* **Required work**: Please copy the lines below exactly, from the first one through the line showing "Sonny is new".

* **Material supplied**:
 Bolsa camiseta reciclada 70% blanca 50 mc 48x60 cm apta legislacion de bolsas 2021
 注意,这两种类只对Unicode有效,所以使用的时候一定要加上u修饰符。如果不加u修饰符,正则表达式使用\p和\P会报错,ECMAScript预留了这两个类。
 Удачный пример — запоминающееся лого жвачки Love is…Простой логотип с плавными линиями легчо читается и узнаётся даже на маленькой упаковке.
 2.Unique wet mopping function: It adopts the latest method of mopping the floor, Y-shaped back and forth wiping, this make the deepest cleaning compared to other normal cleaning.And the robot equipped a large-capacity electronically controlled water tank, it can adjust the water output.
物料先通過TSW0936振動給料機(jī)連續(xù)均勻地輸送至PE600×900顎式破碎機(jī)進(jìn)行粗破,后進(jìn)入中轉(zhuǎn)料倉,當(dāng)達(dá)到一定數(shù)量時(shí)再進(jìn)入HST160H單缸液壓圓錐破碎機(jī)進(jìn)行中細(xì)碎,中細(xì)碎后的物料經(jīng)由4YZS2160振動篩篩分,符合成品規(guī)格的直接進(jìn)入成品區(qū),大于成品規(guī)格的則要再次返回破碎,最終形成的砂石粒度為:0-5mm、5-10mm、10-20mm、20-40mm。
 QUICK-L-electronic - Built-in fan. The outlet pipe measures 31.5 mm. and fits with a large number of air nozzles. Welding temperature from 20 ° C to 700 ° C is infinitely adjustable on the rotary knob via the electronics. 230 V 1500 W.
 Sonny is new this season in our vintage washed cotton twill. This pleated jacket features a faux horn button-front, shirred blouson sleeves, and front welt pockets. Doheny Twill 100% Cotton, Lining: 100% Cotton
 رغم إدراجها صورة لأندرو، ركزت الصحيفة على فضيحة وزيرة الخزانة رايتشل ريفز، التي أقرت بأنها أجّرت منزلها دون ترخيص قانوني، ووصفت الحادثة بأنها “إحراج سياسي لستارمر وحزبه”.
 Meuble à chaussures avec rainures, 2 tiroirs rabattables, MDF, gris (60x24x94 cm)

* **Expected output**:
 Bolsa camiseta reciclada 70% blanca 50 mc 48x60 cm apta legislacion de bolsas 2021
 注意,这两种类只对Unicode有效,所以使用的时候一定要加上u修饰符。如果不加u修饰符,正则表达式使用\p和\P会报错,ECMAScript预留了这两个类。
 Удачный пример — запоминающееся лого жвачки Love is…Простой логотип с плавными линиями легчо читается и узнаётся даже на маленькой упаковке.
 2.Unique wet mopping function: It adopts the latest method of mopping the floor, Y-shaped back and forth wiping, this make the deepest cleaning compared to other normal cleaning.And the robot equipped a large-capacity electronically controlled water tank, it can adjust the water output.
物料先通過TSW0936振動給料機(jī)連續(xù)均勻地輸送至PE600×900顎式破碎機(jī)進(jìn)行粗破,后進(jìn)入中轉(zhuǎn)料倉,當(dāng)達(dá)到一定數(shù)量時(shí)再進(jìn)入HST160H單缸液壓圓錐破碎機(jī)進(jìn)行中細(xì)碎,中細(xì)碎后的物料經(jīng)由4YZS2160振動篩篩分,符合成品規(guī)格的直接進(jìn)入成品區(qū),大于成品規(guī)格的則要再次返回破碎,最終形成的砂石粒度為:0-5mm、5-10mm、10-20mm、20-40mm。
 QUICK-L-electronic - Built-in fan. The outlet pipe measures 31.5 mm. and fits with a large number of air nozzles. Welding temperature from 20 ° C to 700 ° C is infinitely adjustable on the rotary knob via the electronics. 230 V 1500 W.
 Sonny is new this season in our vintage washed cotton twill. This pleated jacket features a faux horn button-front, shirred blouson sleeves, and front welt pockets. Doheny Twill 100% Cotton, Lining: 100% Cotton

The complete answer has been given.